Coronavirus: This is how infections are discovered
Europe is experiencing its first major Covid-19 outbreak in Italy. In order to get a better overview of infections in Germany, doctors should also test for the new virus if they are suspected
Precautions in Italy, Casalpusterlengo: The poster in front of the bakery says in Italian "Warning, only four people in the shop at the same time"
© dpa Picture Alliance / Paolo Santalucia
The novel corona virus is spreading in Europe. Over 300 cases are known from Italy. Italy is the European country with the most recorded infections, and new infections have also been discovered in Austria, Croatia, Spain and Switzerland. Two more infections have been known in Germany since Tuesday.
Undiscovered cases in Germany?
In fact, SARS-CoV-2 could be more widespread than previously thought, said the director of the European Center for Disease Prevention and Control (ECDC), Andrea Ammon, of the dpa: "Our assessment is that we are likely to have similar situations in others Countries in Europe will see. " The high number of infections in Italy is also related to the fact that more was checked there. "The likelihood of uncovering cases depends on how much you test." After the first suspected cases, the residents in the affected zones were tested for the virus "a tappeto", almost across the board - including people who did not show any symptoms of the lung disease Covid-19.
Corona, COVID, SARS & Co: Many names, one virus
There is talk of the coronavirus or "novel coronavirus" in the media. Since there is more than one coronavirus, it was first called novel coronavirus 2019, or 2019-nCoV for short. Then the virus got the official name "severe acute respiratory syndrome coronavirus 2" (SARS-CoV-2). The name Covid-19 given by the WHO describes the lung disease that the virus causes.

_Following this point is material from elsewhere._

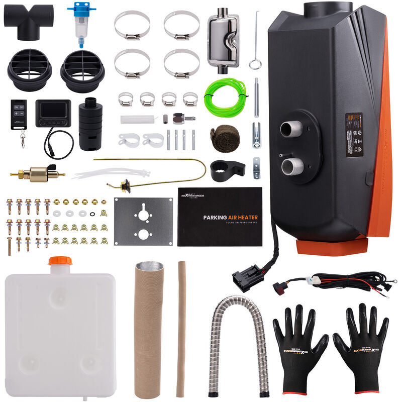 Ultime notizie! Sono arrivati i riscaldatori d'aria aggiornati! 1. 3 metodi per iniziare. LCD, telecomando e controllo APP. -Il nuovo controller supporta una distanza controllabile di 80 m, molto migliore rispetto ai 30 m della vecchia versione, e può essere presente in tutta la parete. -Il display supporta la funzione di ventilazione. 2. Moblie APP, Intelligent & Facilitation. - Blue-tooth disponibile 3. supporto per la regolazione automatica dell'altitudine. -Regola automaticamente la quantità di carburante in base alla diversa altitudine, non è più necessaria la regolazione manuale, risparmiando 200 dollari su un kit per alta quota. 4. basso consumo di carburante e di energia . - È adatto per il funzionamento a lungo termine, 10L diesel possono durare circa 20 ore a caldo. 5. Riscaldamento rapido e rapida rimozione della brina dalle finestre. 6. pompa del carburante lavabile per una lunga durata della pompa. 7. nastro adesivo per scarichi -Resiste a temperature elevate di circa

In Germany, the Robert Koch Institute has reacted to the rapid changes of the last few days. On the one hand, it appeals to doctors to pay more attention to possible infections with the novel virus in patients. Symptoms include a dry cough, fever, and shortness of breath, but these can also occur in other acute respiratory diseases. Patients should therefore also be asked about travel, Covid 19 risk areas in China or Italy. In addition, the RKI advises that the doctors should, if necessary, arrange for tests for the virus. The institute announced on Monday, February 24th.
At the European level, the ECDC is now recommending that hospitals test patients with mild or severe respiratory infections for the novel virus if they have either traveled to a risk area in the 14 days before the disease or have been in close contact with a patient with confirmed or suspected Covid-19 disease had.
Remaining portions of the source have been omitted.